(Source records)
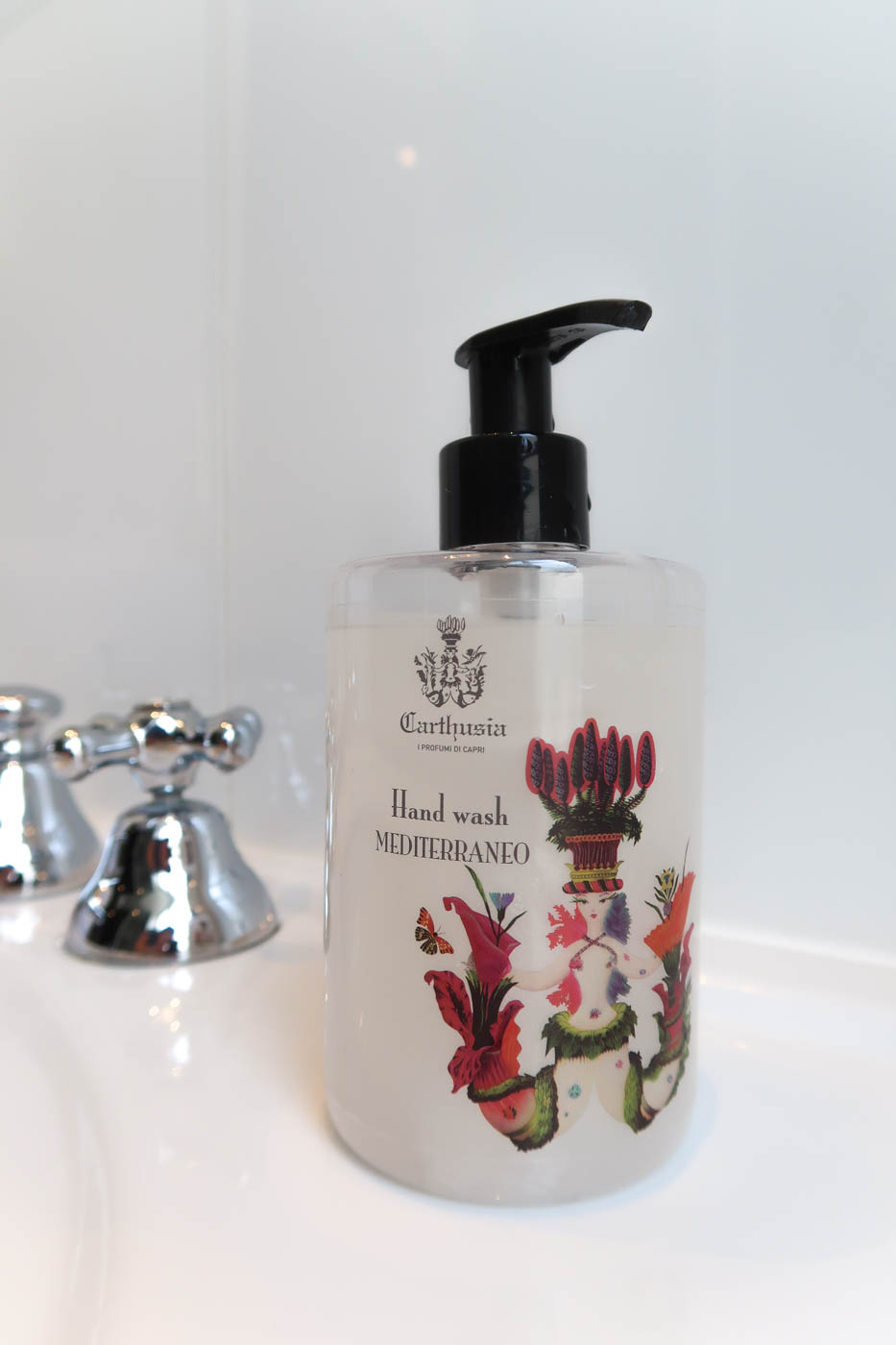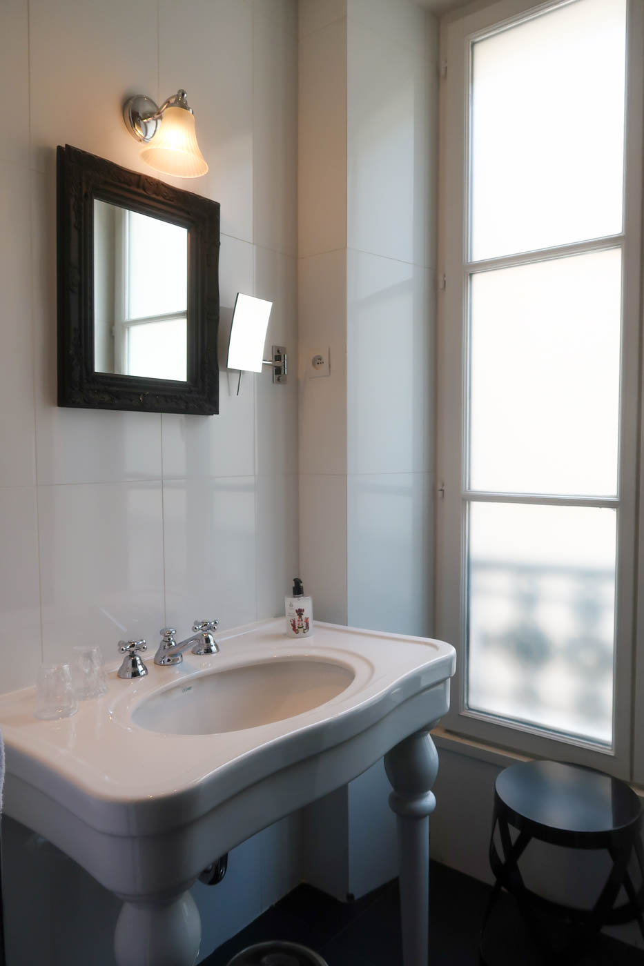La salle d’eau est lumineuse, propre et fonctionnelle. Elle dispose d’une grande fenêtre. Si l’espace n’est pas très grand, il est bien agencé. On retrouve l’esprit XIXe dans la décoration même si la douche est, quant à elle, bien moderne avec une robinetterie à l’effet vintage. Pour une fois à l’hôtel, pas de confusion possible pour la sortie d’eau au moment de se laver : on ne peut pas se tromper entre le pommeau de douche et la douche fixée au plafond. De-même, la température d’eau est constante. On se sèche avec une serviette tiédie par le chauffe-serviettes. Des produits Carthusia sont mis à disposition. Les toilettes sont séparées.
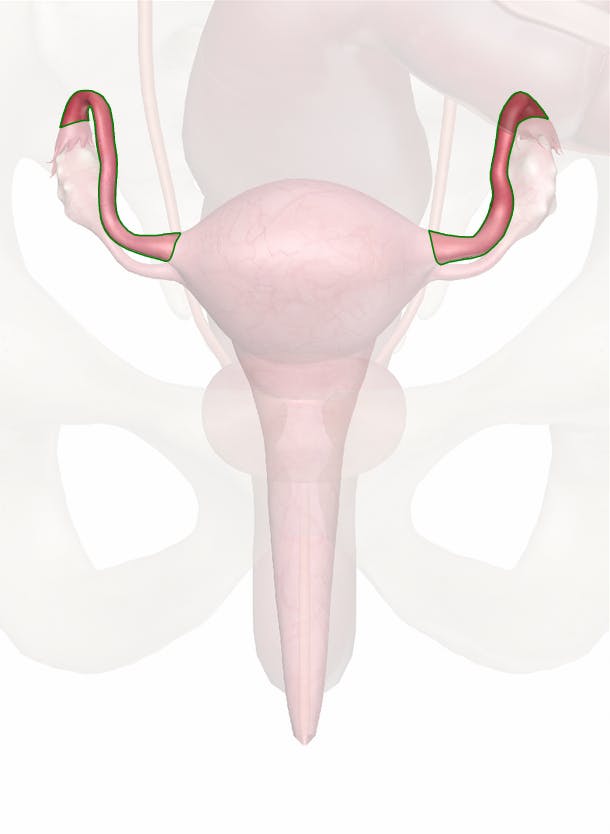 The Fallopian tubes are located in the pelvic cavity extending laterally from the corners of the superior edge of the uterus and passing superior to the ovaries. The broad ligament of the uterus and suspensory ligaments support the Fallopian tubes and hold them in place relative to the uterus and ovaries. Each Fallopian tube begins as a very narrow tube at the uterus and gradually widens as it extends towards the ovary. The isthmus of the Fallopian tubes is the narrowest and thickest walled region of the fallopian tube bordering on the uterus. From the isthmus the Fallopian tube widens into the ampulla, which makes up the bulk of its length. Finally, the Fallopian tube widens greatly into the funnel-shaped infundibulum before ending superior and lateral to the ovary. Many finger-like projections known as fimbriae extend from the infundibulum to reach the surface of the ovary.
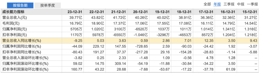 財報顯示,來伊份在2023年實現(xiàn)營業(yè)收入39.77億元,上年同期為43.82億元,同比下降9.246%。歸屬于上市公司股東的凈利潤為5705萬元,上年同期為1.02億元,同比下降44.09%。
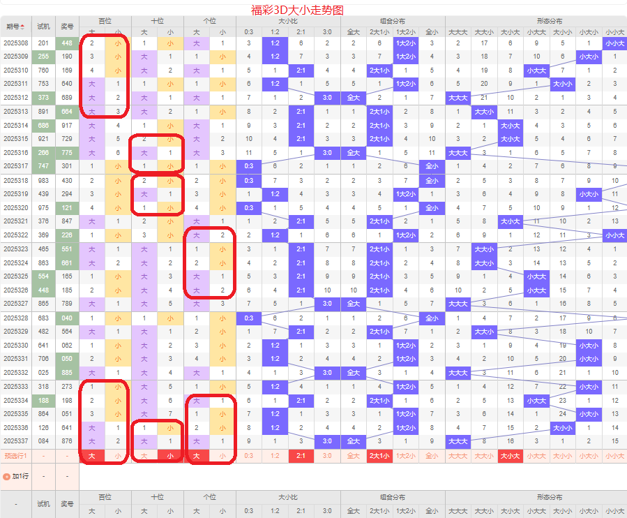 上期大小比为3:0,全大的号码组合方式,从近五期出现情况看,大号码出现8次,小号码出现7次,大小号码出现较平均,本期侧重两大的号码组合,本期百位侧重大号码,十位侧重小号码,个位要侧重看大,侧重大小大或者小小大的号码组合,根据大小做五码定位56789/01234/56789或01234/01234/56789
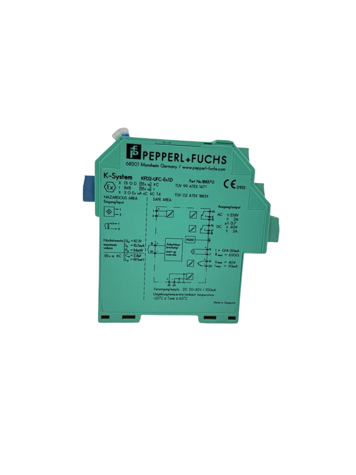 The KFD2-UFC-Ex1 from Pepperl+Fuchs.D is a 1-channel frequency converter that is safe to use on its own and has built-in trip values for accurate signal conditioning in dangerous regions. It changes frequency or pulse signals from NAMUR sensors or dry contacts into a proportional 0/4–20 mA analog output and at the same time gives customizable switching outputs for limit monitoring.
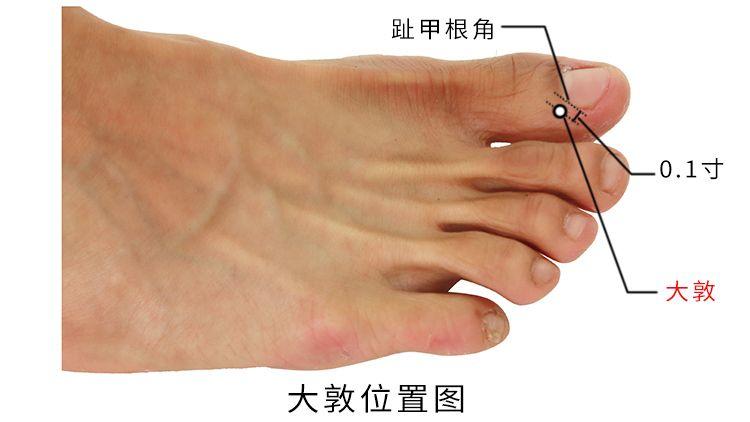 倪海厦老师:注:有疝气,肠子坠下来的时候。如果是左睾丸掉下来,你就扎右边的大敦。妇人月经来的量太多,止不住时,可用以止血。还有女人的子宫下垂,子宫掉下来,脱血出来。还有男人疝气。阴部的问题,像得了性病,有阴头痛、阴茎痛、小便痛等等,通通可以下大敦,尤其疝气效果很好。
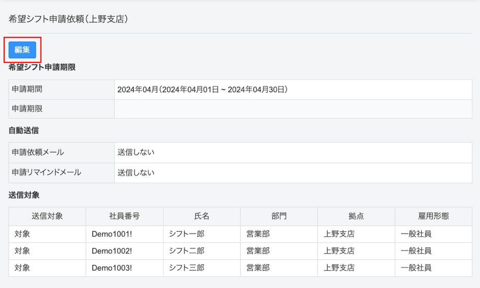 [システム管理>社員]画面で、シフトを利用している従業員の編集画面を開き希望シフト申請の設定を行います。
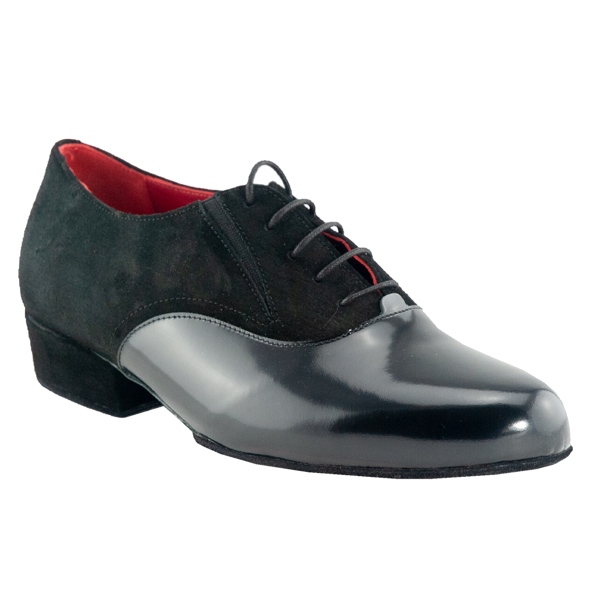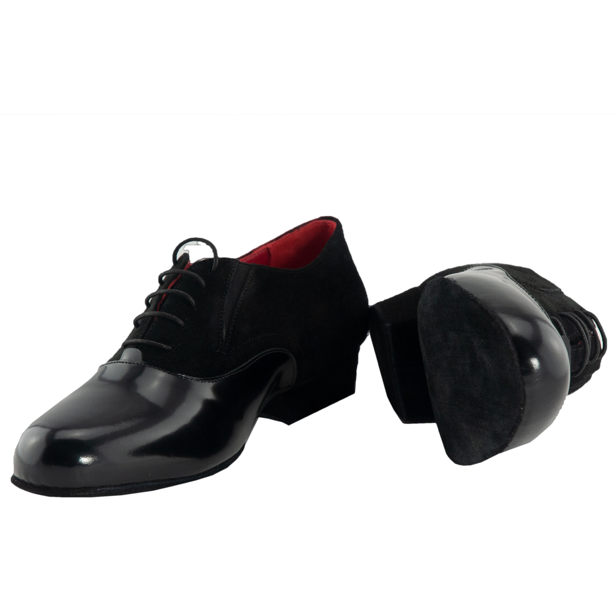 Elegant variant of the refined men's style by Porteño & Bailarina - DIEGO with elastic inserts over the instep, because the feet can get thicker - also great at high instep, 35 mm Microsoft heel - shock absorbing and protecting the foot and knee joints, here a elegant variant of black shiny Abrasivato Leather, mixed with soft Suede Leather - perfect for dinner-dance-night or even your wedding day - but also bought for tango and salsa (show) - but also for the normal dance school if the gentleman loves it fancier ...
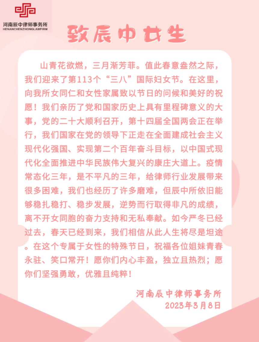 逐梦新征程,巾帼绽芳华。我们国家在党的领导下正走在全面建成社会主义现代化强国、实现第二个百年奋斗目标,以中国式现代化全面推进中华民族伟大复兴的康庄大道上。这些都离不开妇女同胞的无私奉献和奋力支持。辰中女律师一定能与亿万妇女同胞一同在实现“中国梦”的奋斗征程中绽放美丽芳华!
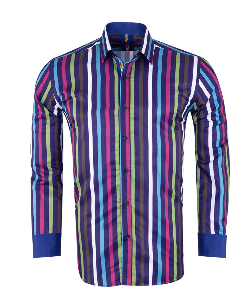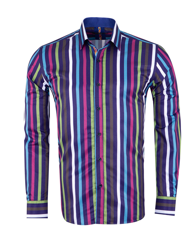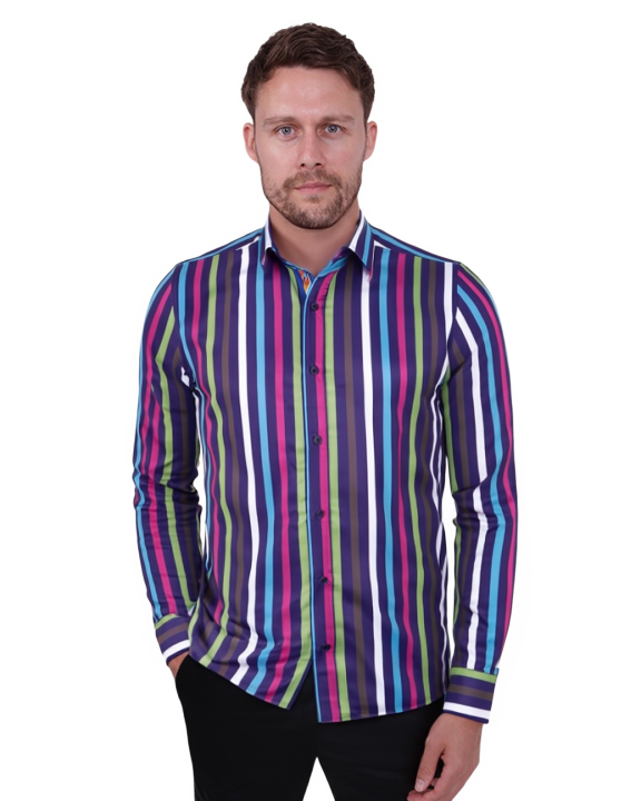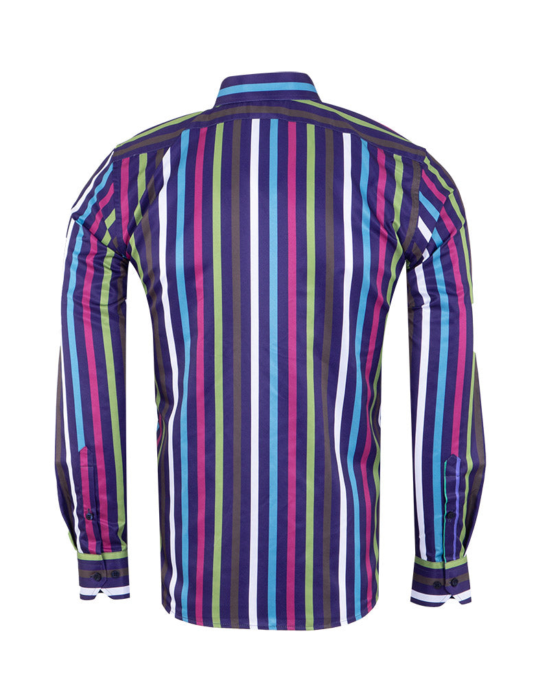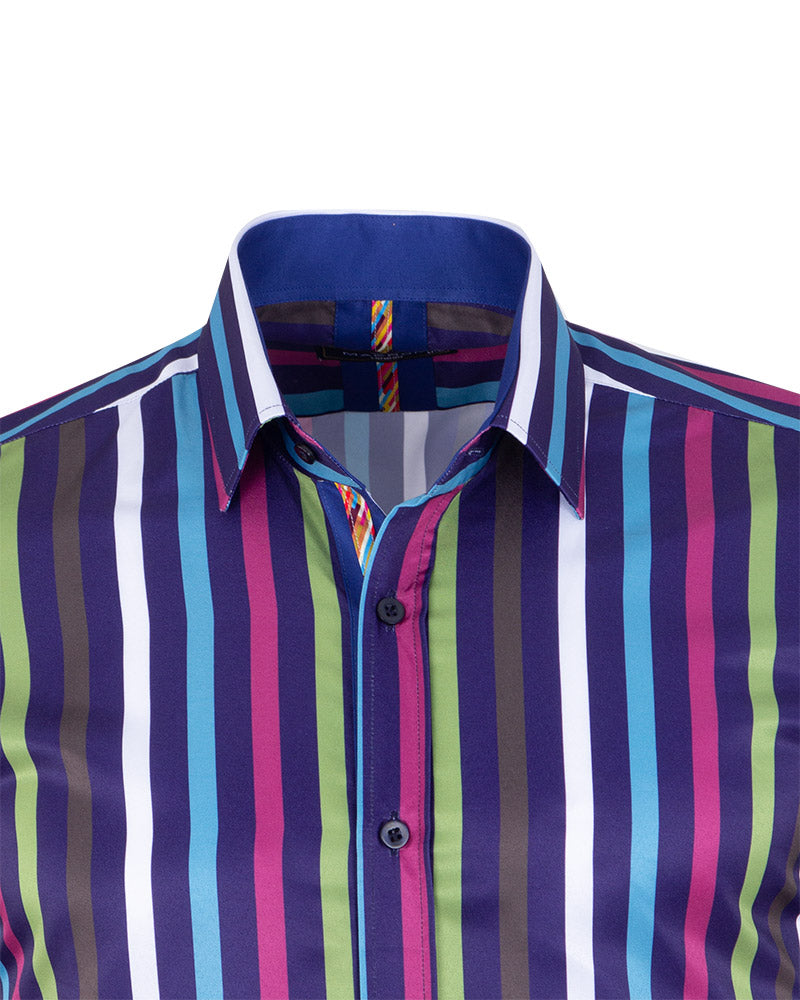 Introducing the Dark Green Colourful Bold Striped Men's Shirt, a perfect blend of style and comfort. This shirt features a striking bold striped print that adds a vibrant touch to your wardrobe.
(End Source records)
**Problem to solve**: What you give back must be the data above, reproduced exactly and free of pictures.

**Worked solution**:
La salle d’eau est lumineuse, propre et fonctionnelle. Elle dispose d’une grande fenêtre. Si l’espace n’est pas très grand, il est bien agencé. On retrouve l’esprit XIXe dans la décoration même si la douche est, quant à elle, bien moderne avec une robinetterie à l’effet vintage. Pour une fois à l’hôtel, pas de confusion possible pour la sortie d’eau au moment de se laver : on ne peut pas se tromper entre le pommeau de douche et la douche fixée au plafond. De-même, la température d’eau est constante. On se sèche avec une serviette tiédie par le chauffe-serviettes. Des produits Carthusia sont mis à disposition. Les toilettes sont séparées.
 The Fallopian tubes are located in the pelvic cavity extending laterally from the corners of the superior edge of the uterus and passing superior to the ovaries. The broad ligament of the uterus and suspensory ligaments support the Fallopian tubes and hold them in place relative to the uterus and ovaries. Each Fallopian tube begins as a very narrow tube at the uterus and gradually widens as it extends towards the ovary. The isthmus of the Fallopian tubes is the narrowest and thickest walled region of the fallopian tube bordering on the uterus. From the isthmus the Fallopian tube widens into the ampulla, which makes up the bulk of its length. Finally, the Fallopian tube widens greatly into the funnel-shaped infundibulum before ending superior and lateral to the ovary. Many finger-like projections known as fimbriae extend from the infundibulum to reach the surface of the ovary.
 財報顯示,來伊份在2023年實現(xiàn)營業(yè)收入39.77億元,上年同期為43.82億元,同比下降9.246%。歸屬于上市公司股東的凈利潤為5705萬元,上年同期為1.02億元,同比下降44.09%。
 上期大小比为3:0,全大的号码组合方式,从近五期出现情况看,大号码出现8次,小号码出现7次,大小号码出现较平均,本期侧重两大的号码组合,本期百位侧重大号码,十位侧重小号码,个位要侧重看大,侧重大小大或者小小大的号码组合,根据大小做五码定位56789/01234/56789或01234/01234/56789
 The KFD2-UFC-Ex1 from Pepperl+Fuchs.D is a 1-channel frequency converter that is safe to use on its own and has built-in trip values for accurate signal conditioning in dangerous regions. It changes frequency or pulse signals from NAMUR sensors or dry contacts into a proportional 0/4–20 mA analog output and at the same time gives customizable switching outputs for limit monitoring.
 倪海厦老师:注:有疝气,肠子坠下来的时候。如果是左睾丸掉下来,你就扎右边的大敦。妇人月经来的量太多,止不住时,可用以止血。还有女人的子宫下垂,子宫掉下来,脱血出来。还有男人疝气。阴部的问题,像得了性病,有阴头痛、阴茎痛、小便痛等等,通通可以下大敦,尤其疝气效果很好。
 [システム管理>社員]画面で、シフトを利用している従業員の編集画面を開き希望シフト申請の設定を行います。
 Elegant variant of the refined men's style by Porteño & Bailarina - DIEGO with elastic inserts over the instep, because the feet can get thicker - also great at high instep, 35 mm Microsoft heel - shock absorbing and protecting the foot and knee joints, here a elegant variant of black shiny Abrasivato Leather, mixed with soft Suede Leather - perfect for dinner-dance-night or even your wedding day - but also bought for tango and salsa (show) - but also for the normal dance school if the gentleman loves it fancier ...
 逐梦新征程,巾帼绽芳华。我们国家在党的领导下正走在全面建成社会主义现代化强国、实现第二个百年奋斗目标,以中国式现代化全面推进中华民族伟大复兴的康庄大道上。这些都离不开妇女同胞的无私奉献和奋力支持。辰中女律师一定能与亿万妇女同胞一同在实现“中国梦”的奋斗征程中绽放美丽芳华!
 Introducing the Dark Green Colourful Bold Striped Men's Shirt, a perfect blend of style and comfort. This shirt features a striking bold striped print that adds a vibrant touch to your wardrobe.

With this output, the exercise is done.